Jan Pronk

Post 2015: Changing Tracks

Speech Seminar ‘Development in Theory and Practice’ on the occasion of the retirement of Professor Michiel Keyzer, Center for World Food Studies, Free University Amsterdam, 27 June 2014

Outside the world of diplomats, development experts and environmental activists it has not attracted much attention yet, but intensive talks are taking place about the so-called Post 2015 World Development Agenda.  These talks started in 2012, following the UN Summit on Development and Environment in Rio de Janeiro (‘Rio plus 20’). They are meant to focus on global sustainable development for the next couple of decades. In Rio world leaders adopted a document with a seemingly ambitious, but rather non-committal title: The Future We Want. Political leaders should not speak about a future they want, but about the future they are going to shape. It is a rather flat text, uninspiring, weaker than any other document agreed at any previous UN Summit. It is no more than an annotated agenda, a wish list. However, the document does contain one important promise: world leaders decided to launch negotiations, which should result in an agreement on Sustainable Development Goals (SDGs) for the world as a whole.

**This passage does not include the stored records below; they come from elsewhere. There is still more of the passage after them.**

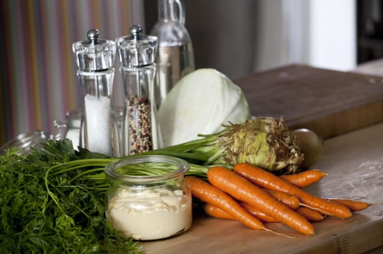 Salát Coleslaw není jen zelný salát, ale smíchá se s kořenovou zeleninou. S nastrouhanou mrkví a celerem, o což se postará Jakub, táta najemno nakrájí zelí, které lze také nakrouhat. Aby byl salát pěkně vláčný, spojí se majonézou a dochutí octem, cukrem, pepřem a solí. V tradičním receptu je také cibule.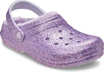 Ultra-plush fleece lining keeps little toes toasty warm when they slip on these glittery clogs made from durable Croslite®.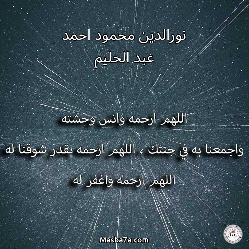 اللهم ارحم ( نورالدين محمود احمد عبد الحليم ) وانس وحشته واجمعنا به في جنتك ، اللهم ارحمه بقدر شوقنا له اللهم ارحمه واغفر له .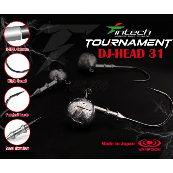 Jigi INTECH Tournament DJ-Head 31 są zbudowane na japońskim haku VANFOOK. Różnią się wytrzymałą i super ostrą kutą końcówką. Dzięki zastosowaniu kalibrowanej stali o wysokiej zawartości węgla, możliwe było wyprodukowanie smukłych jigów o wysokiej wytrzymałości, zdolnych wytrzymać nawet krytyczne obciążenia. Powłoka PTFE znacznie poprawia właściwości penetracyjne i chroni hak przed korozją.

SDGs are a new concept. They stretch far beyond the Millennium Development Goals which had been adopted in the year 2000, when governments agreed to cut world poverty in half within a period of fifteen years. In the light of the experience of the previous fifty years this was an ambitious target. However, at the time it was a legitimate choice. Before the year 2000 too many promises to cut poverty had been broken. The world had achieved economic progress, but growth had not been used to lift poor people out of destitution. The number of people with an income below a decent level of living and without adequate access to the provision of basic needs - food, water, sanitation and health care - had increased. The turn of the millennia provided a new political momentum: a changeover in global policymaking: from now on we will give first call to the poor, and we will work out a strategy to that end. That was the message of the Millennium Development Declaration which world leaders adopted at the Millennium Summit in the year 2000, and reconfirmed at the World Summit on Sustainable Development (Johannesburg, 2002).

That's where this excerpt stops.